Source material:
'''
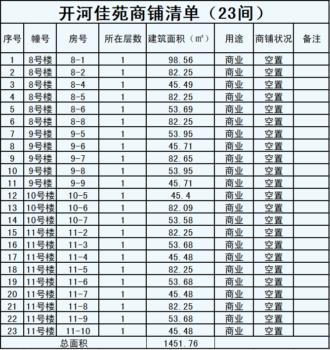 招商项目五:多巴开河佳苑23间商铺
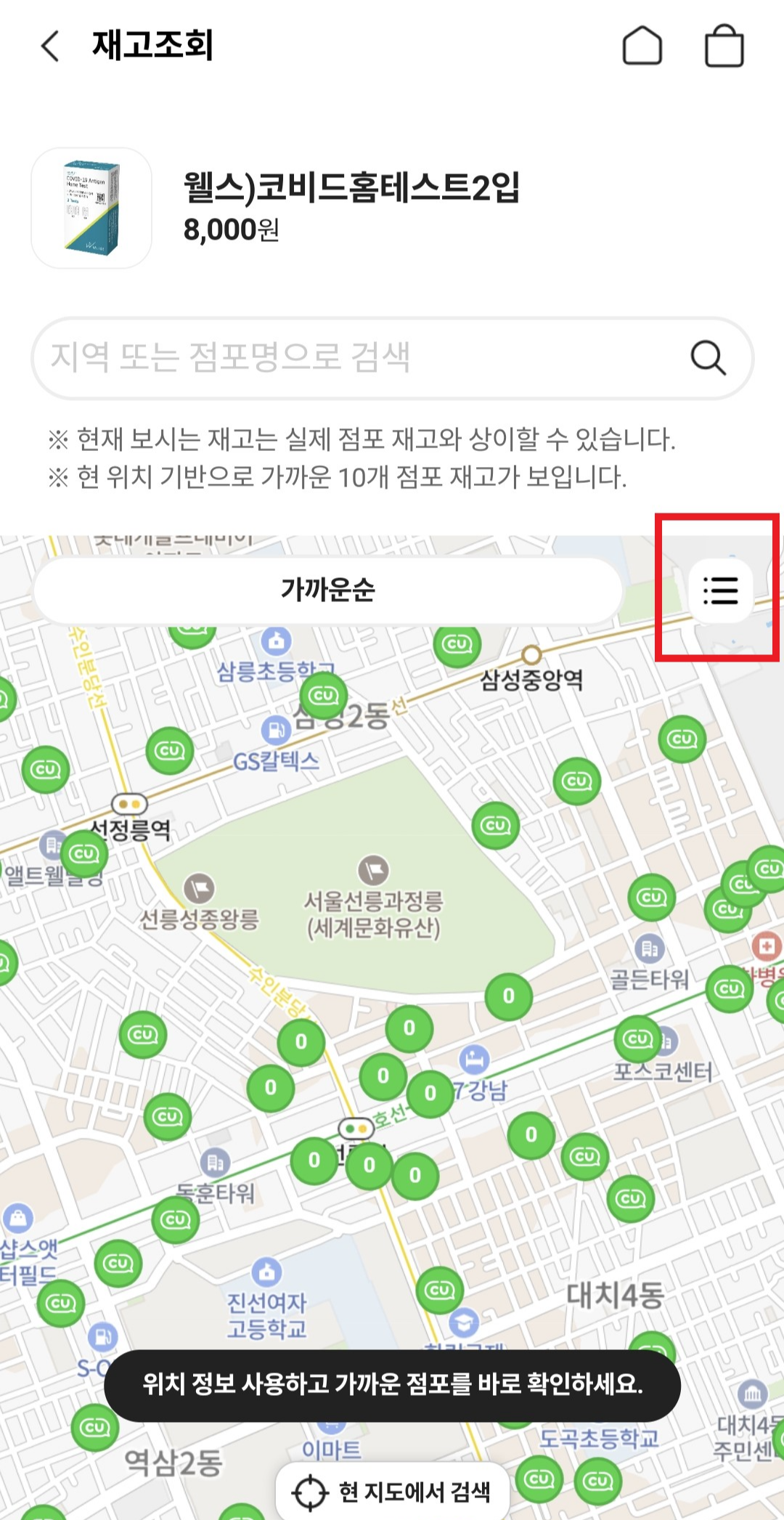 4. 지도 오른쪽 상단에 목록 기호를 클릭한다.
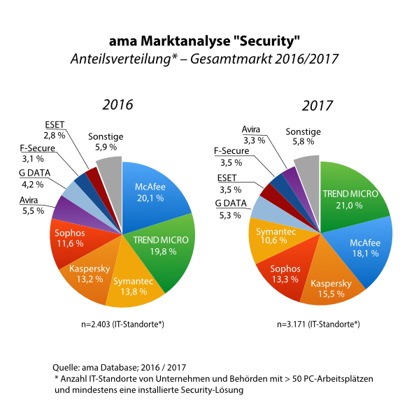 Grundlage für die Analyse bilden 2.403 bzw. 3.171 IT-Standorte (Stand 2016/2017) mit mindestens einer installierten IT-Security-Lösung. Das ama-Research-Team befragte im Sommer 2016 und 2017 die IT-Verantwortlichen in Unternehmen und Behörden nach der Art und den Anbietern der eingesetzten Security-Systeme. Dabei wurde auch erhoben, von welchem Anbieter die jeweiligen Antivirus-/Endpoint-Lösungen stammen. Einbezogen in die Analyse wurden jeweils nur Unternehmen/Behörden mit mehr als 50 PC-Arbeitsplätzen. Wobei die Berechnung der Marktanteile auf der Grundlage der pro Standort von ama identifizierten Security-Anbieter erfolgt. Insofern wurden die wie von den meisten Marktbeobachtern verwendeten Hersteller-Umsätze bzw. Anzahl der eingesetzten Lizenzen bei dieser Anteilsberechnung nicht berücksichtigt.
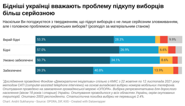 «Абсолютна більшість опитаних вважають, що технології підкупу виборців впливають на результати виборів. Так, 33% вважають, що такий вплив є дуже великим, а ще майже 50% – що такий вплив скоріше є. Лише 3,5% вважають, що технології підкупу виборців взагалі не впливають на результати виборів», – йдеться у результатах опитування.
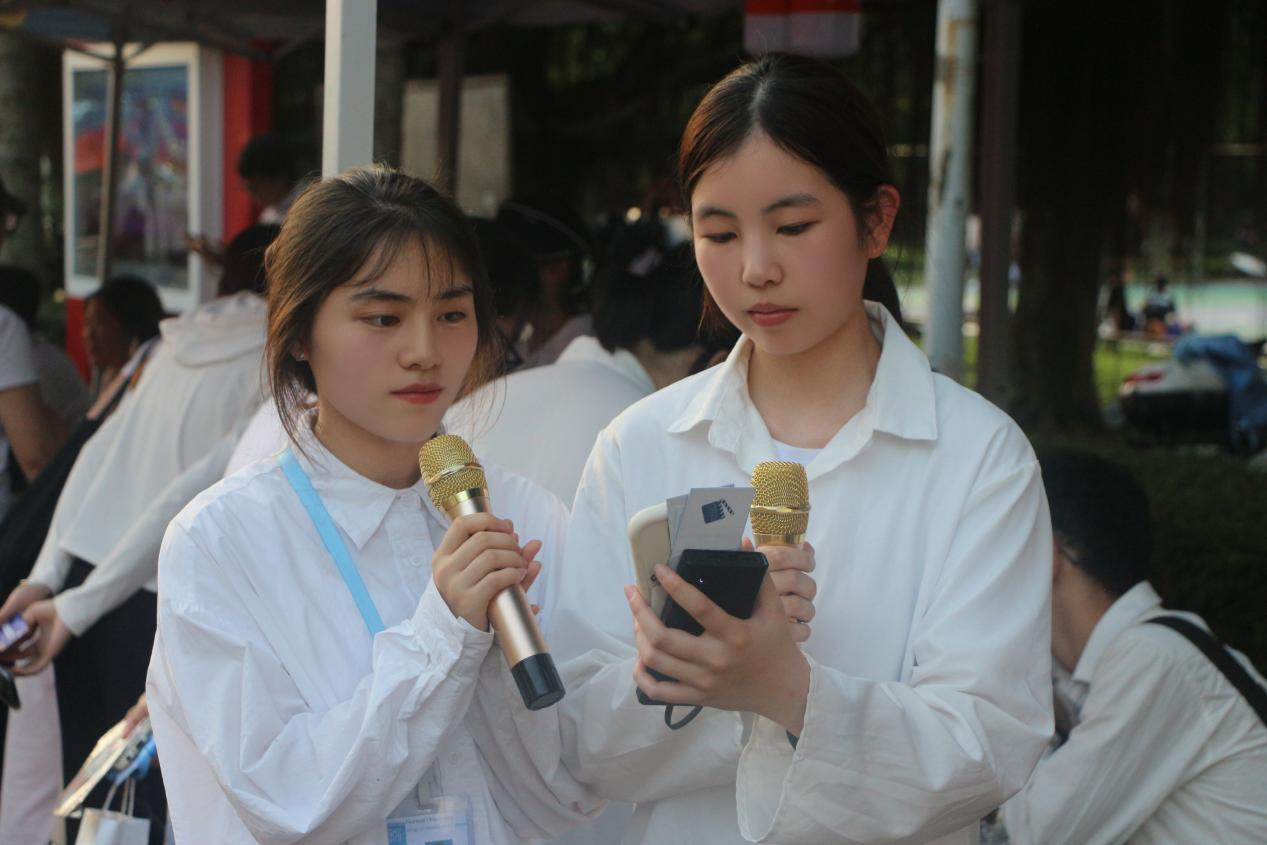 在活动之余,历史文化学院工作人员们还举起话筒,娓娓动听的歌声吸引着行人驻足。他们的歌声,像一团热情的火焰,点燃了现场的气氛,让原本平静的氛围瞬间变得热烈而充满活力。听众们或轻轻拍手,或随着旋律轻声合唱,整个现场沉浸在一片欢乐与和谐之中。
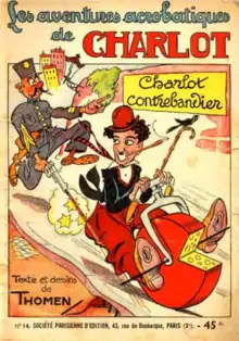Les premières adaptations du personnage de Charlot furent réalisées par des auteurs anglo-saxons comme le Britannique Bertie Brown (1887-1974) en 1914 dans The Funny Wonder[6], mais également par d’autres auteurs en Italie, Espagne, Amérique… C’est en France que son existence est la plus durable avec l'adaptation de Raoul Thomen qui l'incarne dans Les Aventures acrobatiques de Charlot, série qui débute en 1921 dans le no 136 du journal Cri-Cri. Ces publications vont se poursuivre dans les journaux hebdomadaires Boum !, L’As et L'Épatant jusqu’en 1939, où il conclut en disant : « Finies les acrobaties ! Finies les aventures ! Que chacun fasse seulement la dixième partie ! Moi, j’ai bien gagné de me reposer ! ». Les éditions des frères Offenstadt (SPE) rassemblent, en parallèle, toutes les planches de cette série pour les éditer sous forme d'albums, quinze au total, de 1926 à 1938.
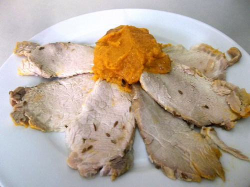 8. Cortar en lonchas la carne en frío y acompañar con una salsa de zanahoria, refriendo unas seis zanahorias grandes peladas y cortadas, junto a una cebolla grande cortada, en el jugo reservado de haber cocido la carne con el comino y sal; y luego triturándola bien con batidora.
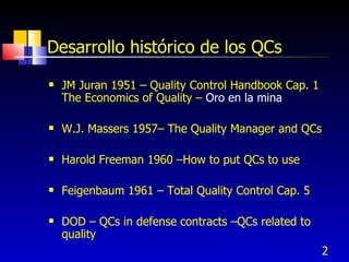 Este documento describe los conceptos y clasificaciones de los costos de calidad. Explica que los costos de calidad incluyen costos de prevención, evaluación, falla interna y falla externa. Además, detalla que los costos de calidad representan la diferencia entre los costos reales de un producto y los costos si no hubiera defectos. Finalmente, enfatiza que una gestión efectiva de los costos de calidad puede ayudar a las organizaciones a mejorar la calidad y reducir costos a través de un enfoque de prevención.
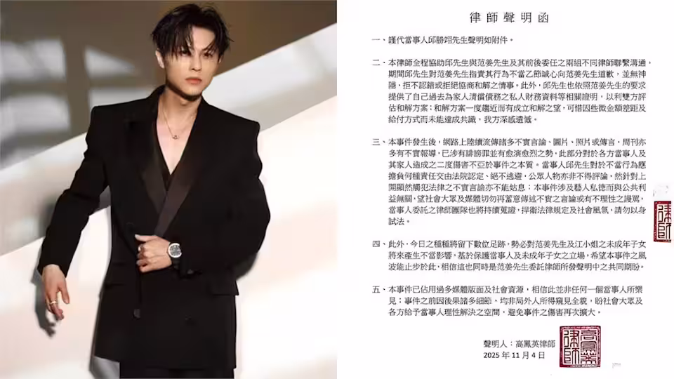 男星范姜彥豐近日拍片證實婚變傳聞,指控粿粿與男星王子(邱勝翊)有不正當男女關係,事件曝光後,王子承認「關係超出朋友界線」,昨(4日)晚間王子發布新聲明再次道歉。
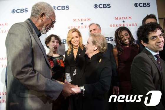 (워싱턴 AFP=뉴스1) 이기창 기자 = 미국 최초의 여성국무장관을 역임한 매들린 올브라이트 전 국무장관이 18일(현지시간) 워싱턴에서 열린 CBS의 새 시리즈 '마담 세크리터리(Madam Secretary)' 홍보행사에 참석, 제작책임자이자 명배우인 모건 프리먼과 악수를 나누고 있다. 새 시리즈는 여성장관을 소재로 하고 있다.
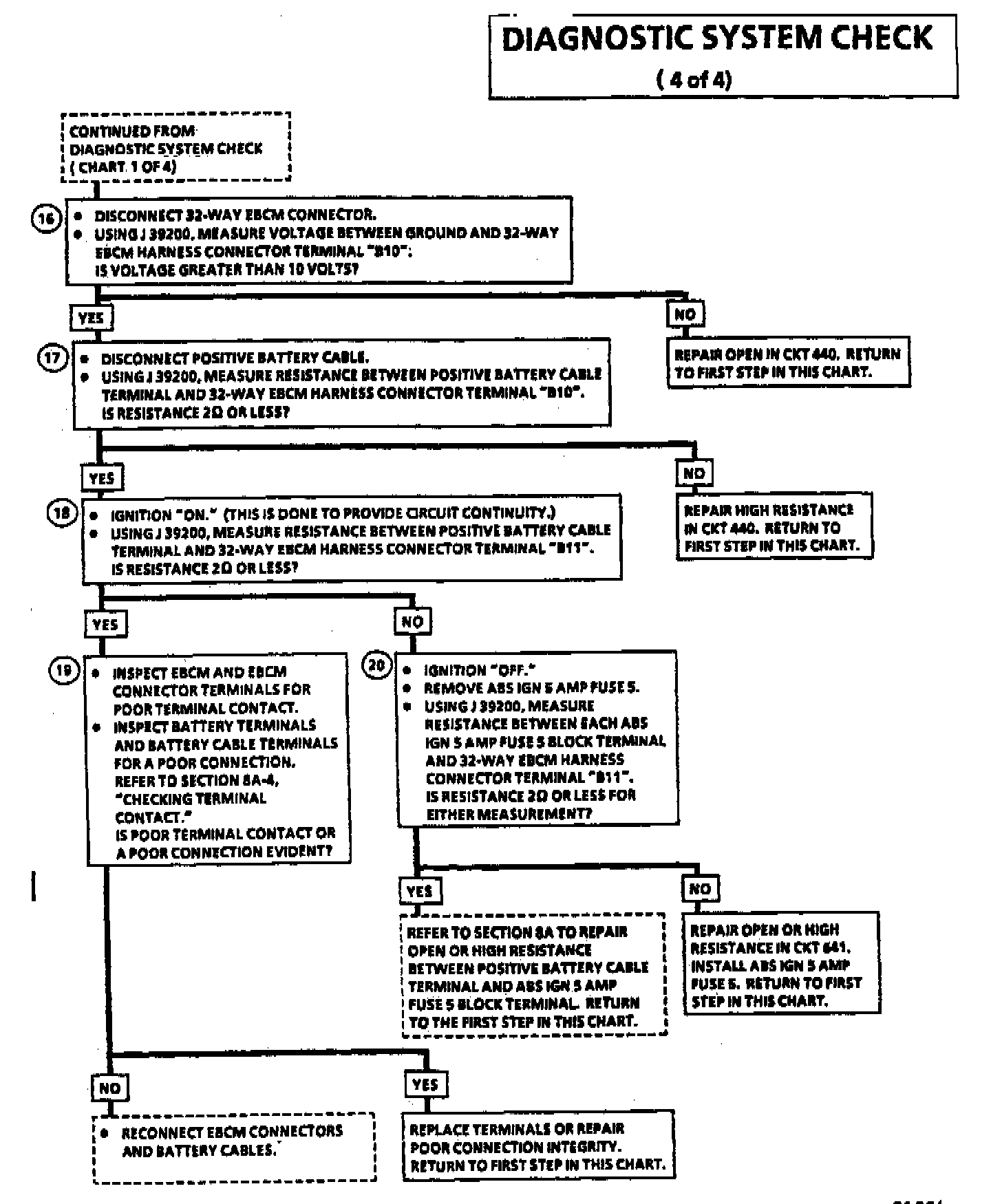 20. Checks for high resistance in the switched ignition circuit between the fuse block and the EBCM.
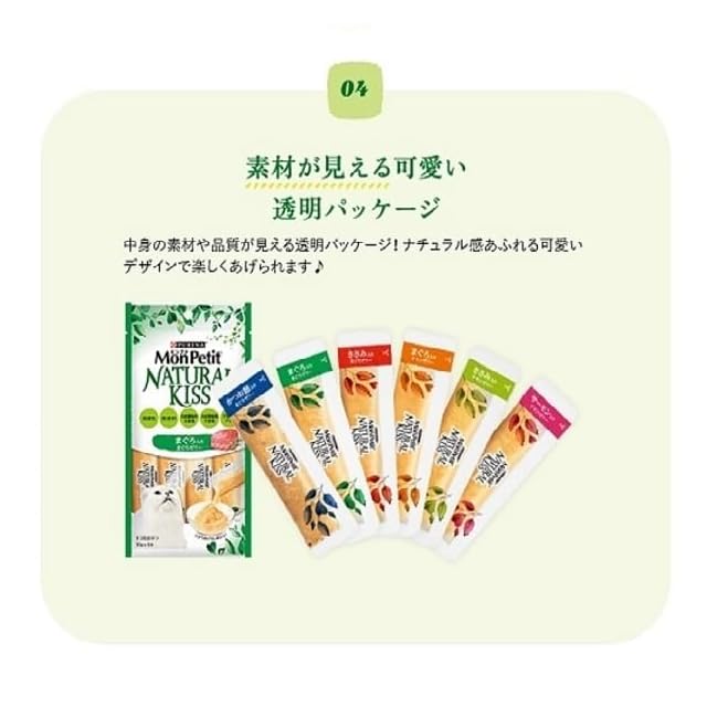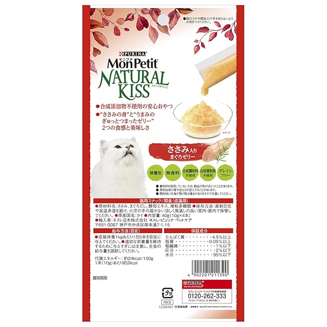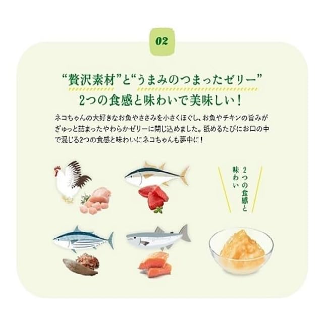 原材料:魚介類(まぐろだし、まぐろ、サーモン)、酵母エキス、チキンパウダー、フィッシュオイル(オメガ3脂肪酸源)、増粘多糖類、ビタミンE(抗酸化成分)
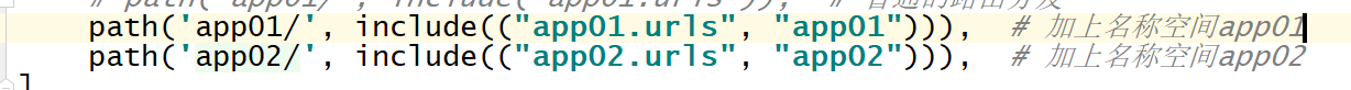 定义命名空间(include 里面是一个元组)格式如下:include(("app名称:urls","app名称"))
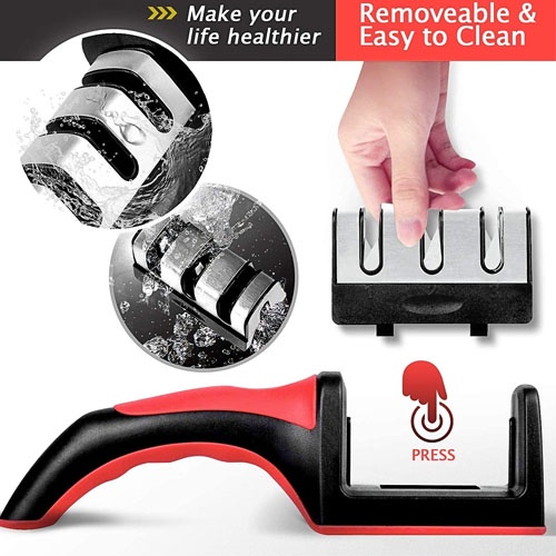 احصل على أداة سن سكاكين سريعة بتقنية فولاذ التنجستن، التي توفر لك شحذًا مزدوج الجوانب يضمن سرعة ودقة لا مثيل لها! ✨ مع مقبض مانع للانزلاق، ستشعر بالثبات والأمان أثناء الاستخدام، مما يجعلها مثالية لجميع أنواع السكاكين، بما في ذلك سكاكين الستانلس ستيل وسكاكين الفاكهة 🍎.
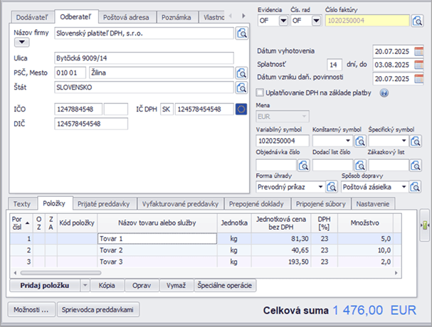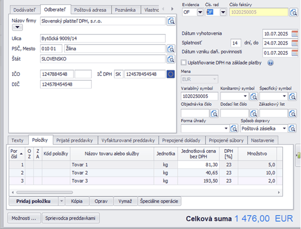 OF vystavíme v menu Fakturácia – Odoslané faktúry. Do faktúry pridáme všetky položky, ktoré zákazníkovi fakturujeme (môžeme ju vytvoriť kópiou z OPF).
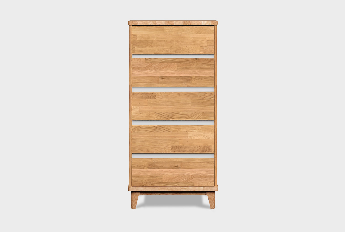 Высокий узкий комод Уоллстрит в цвете «к-бейц-масло, ф-бейц-масло, вст-белый» с пятью ящиками из натурального дуба.
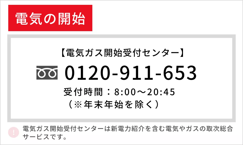 また、引っ越しに伴う電気・ガス・ネットの開通は電気ガス開始受付センター(0120-911-653)でも手続きできます。電気ガス開始受付センターは新電力紹介を含む電気やガスの取次総合窓口です。まとめて手続きすることも可能なため、お急ぎの方はぜひご活用ください。
'''
Exercise:
Quote the data exactly, leaving every image out of the copy.

Output:
 招商项目五:多巴开河佳苑23间商铺
 4. 지도 오른쪽 상단에 목록 기호를 클릭한다.
 Grundlage für die Analyse bilden 2.403 bzw. 3.171 IT-Standorte (Stand 2016/2017) mit mindestens einer installierten IT-Security-Lösung. Das ama-Research-Team befragte im Sommer 2016 und 2017 die IT-Verantwortlichen in Unternehmen und Behörden nach der Art und den Anbietern der eingesetzten Security-Systeme. Dabei wurde auch erhoben, von welchem Anbieter die jeweiligen Antivirus-/Endpoint-Lösungen stammen. Einbezogen in die Analyse wurden jeweils nur Unternehmen/Behörden mit mehr als 50 PC-Arbeitsplätzen. Wobei die Berechnung der Marktanteile auf der Grundlage der pro Standort von ama identifizierten Security-Anbieter erfolgt. Insofern wurden die wie von den meisten Marktbeobachtern verwendeten Hersteller-Umsätze bzw. Anzahl der eingesetzten Lizenzen bei dieser Anteilsberechnung nicht berücksichtigt.
 «Абсолютна більшість опитаних вважають, що технології підкупу виборців впливають на результати виборів. Так, 33% вважають, що такий вплив є дуже великим, а ще майже 50% – що такий вплив скоріше є. Лише 3,5% вважають, що технології підкупу виборців взагалі не впливають на результати виборів», – йдеться у результатах опитування.
 在活动之余,历史文化学院工作人员们还举起话筒,娓娓动听的歌声吸引着行人驻足。他们的歌声,像一团热情的火焰,点燃了现场的气氛,让原本平静的氛围瞬间变得热烈而充满活力。听众们或轻轻拍手,或随着旋律轻声合唱,整个现场沉浸在一片欢乐与和谐之中。
Les premières adaptations du personnage de Charlot furent réalisées par des auteurs anglo-saxons comme le Britannique Bertie Brown (1887-1974) en 1914 dans The Funny Wonder[6], mais également par d’autres auteurs en Italie, Espagne, Amérique… C’est en France que son existence est la plus durable avec l'adaptation de Raoul Thomen qui l'incarne dans Les Aventures acrobatiques de Charlot, série qui débute en 1921 dans le no 136 du journal Cri-Cri. Ces publications vont se poursuivre dans les journaux hebdomadaires Boum !, L’As et L'Épatant jusqu’en 1939, où il conclut en disant : « Finies les acrobaties ! Finies les aventures ! Que chacun fasse seulement la dixième partie ! Moi, j’ai bien gagné de me reposer ! ». Les éditions des frères Offenstadt (SPE) rassemblent, en parallèle, toutes les planches de cette série pour les éditer sous forme d'albums, quinze au total, de 1926 à 1938.
 8. Cortar en lonchas la carne en frío y acompañar con una salsa de zanahoria, refriendo unas seis zanahorias grandes peladas y cortadas, junto a una cebolla grande cortada, en el jugo reservado de haber cocido la carne con el comino y sal; y luego triturándola bien con batidora.
 Este documento describe los conceptos y clasificaciones de los costos de calidad. Explica que los costos de calidad incluyen costos de prevención, evaluación, falla interna y falla externa. Además, detalla que los costos de calidad representan la diferencia entre los costos reales de un producto y los costos si no hubiera defectos. Finalmente, enfatiza que una gestión efectiva de los costos de calidad puede ayudar a las organizaciones a mejorar la calidad y reducir costos a través de un enfoque de prevención.
 男星范姜彥豐近日拍片證實婚變傳聞,指控粿粿與男星王子(邱勝翊)有不正當男女關係,事件曝光後,王子承認「關係超出朋友界線」,昨(4日)晚間王子發布新聲明再次道歉。
 (워싱턴 AFP=뉴스1) 이기창 기자 = 미국 최초의 여성국무장관을 역임한 매들린 올브라이트 전 국무장관이 18일(현지시간) 워싱턴에서 열린 CBS의 새 시리즈 '마담 세크리터리(Madam Secretary)' 홍보행사에 참석, 제작책임자이자 명배우인 모건 프리먼과 악수를 나누고 있다. 새 시리즈는 여성장관을 소재로 하고 있다.
 20. Checks for high resistance in the switched ignition circuit between the fuse block and the EBCM.
 原材料:魚介類(まぐろだし、まぐろ、サーモン)、酵母エキス、チキンパウダー、フィッシュオイル(オメガ3脂肪酸源)、増粘多糖類、ビタミンE(抗酸化成分)
 定义命名空间(include 里面是一个元组)格式如下:include(("app名称:urls","app名称"))
 احصل على أداة سن سكاكين سريعة بتقنية فولاذ التنجستن، التي توفر لك شحذًا مزدوج الجوانب يضمن سرعة ودقة لا مثيل لها! ✨ مع مقبض مانع للانزلاق، ستشعر بالثبات والأمان أثناء الاستخدام، مما يجعلها مثالية لجميع أنواع السكاكين، بما في ذلك سكاكين الستانلس ستيل وسكاكين الفاكهة 🍎.
 OF vystavíme v menu Fakturácia – Odoslané faktúry. Do faktúry pridáme všetky položky, ktoré zákazníkovi fakturujeme (môžeme ju vytvoriť kópiou z OPF).
 Высокий узкий комод Уоллстрит в цвете «к-бейц-масло, ф-бейц-масло, вст-белый» с пятью ящиками из натурального дуба.
 また、引っ越しに伴う電気・ガス・ネットの開通は電気ガス開始受付センター(0120-911-653)でも手続きできます。電気ガス開始受付センターは新電力紹介を含む電気やガスの取次総合窓口です。まとめて手続きすることも可能なため、お急ぎの方はぜひご活用ください。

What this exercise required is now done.